Boy To Hero In A Daring Maritime Adventure

Pinterest - Albert Butler - Napoleonic Wars at Sea

For the past week I’ve been sailing the seas up and down the French and Spanish coastlines, with sails snapping from their masts in high winds, crew crawling the rigging like ants, seemingly suspended in midair. Officers hollering orders I couldn’t possibly understand, so lost in the wind to my untrained ears. And then the cannons are readied to engage with the enemy ships closing in. . . .

Sounds thrilling, aye?

It’s a timeless naval adventure forever immortalized within the pages of several novels come to life in the 1998 A&E production of Horatio Hornblower. It’s not the first time I’ve sailed these seas; I was onboard when it first aired, and I’m just as fascinated with it now as I was then.

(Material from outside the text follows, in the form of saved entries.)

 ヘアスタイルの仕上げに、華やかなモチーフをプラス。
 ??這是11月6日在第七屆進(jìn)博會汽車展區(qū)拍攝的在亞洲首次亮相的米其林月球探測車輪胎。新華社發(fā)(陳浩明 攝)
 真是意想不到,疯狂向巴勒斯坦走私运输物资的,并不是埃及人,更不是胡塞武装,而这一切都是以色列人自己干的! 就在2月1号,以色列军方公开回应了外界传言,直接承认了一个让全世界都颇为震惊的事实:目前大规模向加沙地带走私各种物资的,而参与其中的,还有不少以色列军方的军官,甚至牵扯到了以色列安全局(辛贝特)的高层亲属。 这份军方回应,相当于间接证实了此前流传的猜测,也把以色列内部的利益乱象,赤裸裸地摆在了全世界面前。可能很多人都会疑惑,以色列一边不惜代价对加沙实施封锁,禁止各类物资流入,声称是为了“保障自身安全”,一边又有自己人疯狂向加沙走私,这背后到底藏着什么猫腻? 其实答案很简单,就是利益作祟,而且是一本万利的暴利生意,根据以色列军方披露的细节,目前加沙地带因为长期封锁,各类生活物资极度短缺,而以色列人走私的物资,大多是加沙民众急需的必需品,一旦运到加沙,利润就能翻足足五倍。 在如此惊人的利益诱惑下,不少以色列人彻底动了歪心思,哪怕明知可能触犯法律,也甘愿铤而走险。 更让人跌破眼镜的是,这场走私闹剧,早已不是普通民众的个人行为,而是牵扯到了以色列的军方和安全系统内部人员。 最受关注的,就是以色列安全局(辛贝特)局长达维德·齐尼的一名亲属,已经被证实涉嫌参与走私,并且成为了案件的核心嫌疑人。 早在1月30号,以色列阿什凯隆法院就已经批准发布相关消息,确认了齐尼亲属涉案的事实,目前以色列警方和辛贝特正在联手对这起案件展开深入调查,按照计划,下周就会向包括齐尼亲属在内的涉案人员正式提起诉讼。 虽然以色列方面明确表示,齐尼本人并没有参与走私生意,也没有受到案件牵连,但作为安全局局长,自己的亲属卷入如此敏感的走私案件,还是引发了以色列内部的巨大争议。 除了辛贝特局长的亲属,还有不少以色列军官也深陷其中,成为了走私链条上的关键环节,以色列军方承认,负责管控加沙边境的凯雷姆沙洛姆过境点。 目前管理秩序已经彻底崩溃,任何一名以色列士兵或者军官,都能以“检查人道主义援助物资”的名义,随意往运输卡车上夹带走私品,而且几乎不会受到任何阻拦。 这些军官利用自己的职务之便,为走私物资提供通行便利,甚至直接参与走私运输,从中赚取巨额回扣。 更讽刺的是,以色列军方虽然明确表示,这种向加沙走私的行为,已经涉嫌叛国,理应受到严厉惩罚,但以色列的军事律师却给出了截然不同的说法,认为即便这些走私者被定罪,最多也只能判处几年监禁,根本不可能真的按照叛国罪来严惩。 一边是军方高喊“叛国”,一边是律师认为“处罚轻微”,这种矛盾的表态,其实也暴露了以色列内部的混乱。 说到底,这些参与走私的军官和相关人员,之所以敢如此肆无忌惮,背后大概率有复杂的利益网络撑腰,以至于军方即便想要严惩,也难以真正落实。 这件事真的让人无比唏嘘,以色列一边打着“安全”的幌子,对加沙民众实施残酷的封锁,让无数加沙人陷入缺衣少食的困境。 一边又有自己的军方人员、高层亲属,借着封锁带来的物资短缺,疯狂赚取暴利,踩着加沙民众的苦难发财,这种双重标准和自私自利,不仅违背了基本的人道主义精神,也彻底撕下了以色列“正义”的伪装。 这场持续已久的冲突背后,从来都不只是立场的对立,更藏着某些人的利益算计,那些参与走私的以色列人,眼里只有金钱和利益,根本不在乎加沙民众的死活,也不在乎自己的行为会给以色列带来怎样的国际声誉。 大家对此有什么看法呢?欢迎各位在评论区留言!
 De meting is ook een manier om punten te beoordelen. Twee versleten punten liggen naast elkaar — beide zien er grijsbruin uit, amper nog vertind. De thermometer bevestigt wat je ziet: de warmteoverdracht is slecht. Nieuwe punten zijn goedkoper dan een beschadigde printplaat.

Horatio Hornblower Collector's Edition - Amazon
Having never read the C.S. Forester novels, it’s only through this made-for-TV show that the intrepid naval officer Hornblower and I became acquainted. I’m always on the lookout for a good period flick and those with plots set entirely during the Napoleonic Wars are rare. If you are familiar with the novels and if I’ve convinced you to check out this TV adaptation, you can tell me how closely they compare.

Horatio Hornblower is a man after my own heart, fictional character notwithstanding. The inexperienced 17-year old midshipman who morphs into the skilled, confident, and daring-do leader rockets in distinction and rank. He is tested in everything he comes to value; integrity, courage, duty to England while striving to emulate his commanding officers.

I must admit his handsome looks (played by Welsh actor Ioan Gruffudd) complete with proper military bearing while standing on the quarterdeck in his royal blue uniform cuts an admirable figure and make those eight episodes fly by!

Curious to know more about the Royal Navy wunderkind plucked from a writer's imagination, a quick online search revealed that his naval career extended far beyond the adventures featured in this 1998 series. Hornblower dealt with bullies, fought a duel, remained stalwart in battle, languished in a Spanish prison, saw the guillotine in action, endured the injustice of a paranoid commander, skirted around the dangers of mutiny, and once stared down a court martial trial! He even had roles in diplomatic strategies. And that’s just what we see in this TV show! It’s exhilarating action and overwhelmingly the series you should be watching.

To be a British officer one had to purchase a commission or have influential connections. Unfortunately this privilege didn’t guarantee effective leaders or even good officers. Horatio may have been poor and without connections but he was educated and a natural born leader, relying on skill and daring to advance his way through the ranks, earning the admiration and respect of his peers, crew, and superiors alike. His name and reputation soon spread like wildfire throughout the British fleet.

Okay, thrilling adventures aside, it’s the character development that makes this series shine for me. The transformation of scared boy into confident commander, the friendships he develops with those who serve beside him and most of all, the deep respect between him and his mentor, the ever fair Captain Sir Edward Pellew. It’s watching their father-and-son-like rapport throughout their careers that touches my heart and has stuck with me all these years.

Unexpectedly, Horatio came roaring back to my imagination after having read a novel set in the very same era, which of course had me scrambling to check out my library’s entire 8-disc collection. Lucky me, a one-week binge had never been so sweet!
If you enjoy daring wartime feats of courage and lessons in integrity, honor, and duty watch Horatio Hornblower without delay. Share this gem with your kids, your grandkids. Bring history alive to their imaginations and inspiration to their hearts. Even a bit of entertainment can make the biggest impressions.


  1. Horatio Hornblower the name conjures up images of a dashing young man who is eager to serve and maintain his majesty's kingdom and honor.

    Regina, you made it all seem so intriguing. Cheers to swashbucklers.

    1. Truly, I cannot recommend this series enough. It's five stars all around.

  2. By the way,that photo is stunning. The water is so blue but those ships look terrifying, there's no way to control them. I could never ever step foot on it. And, I'm a Navy veteran.


    1. Did you know that there are sea cruises on replica ships similar to those pictured? All of the luxury and none of the hardships, of course. I once thought it would be a blast to go on one if I had, like a gazillion dollars, and relive that experience until I saw a documentary on it. Looks lovely but just a little too close to the water.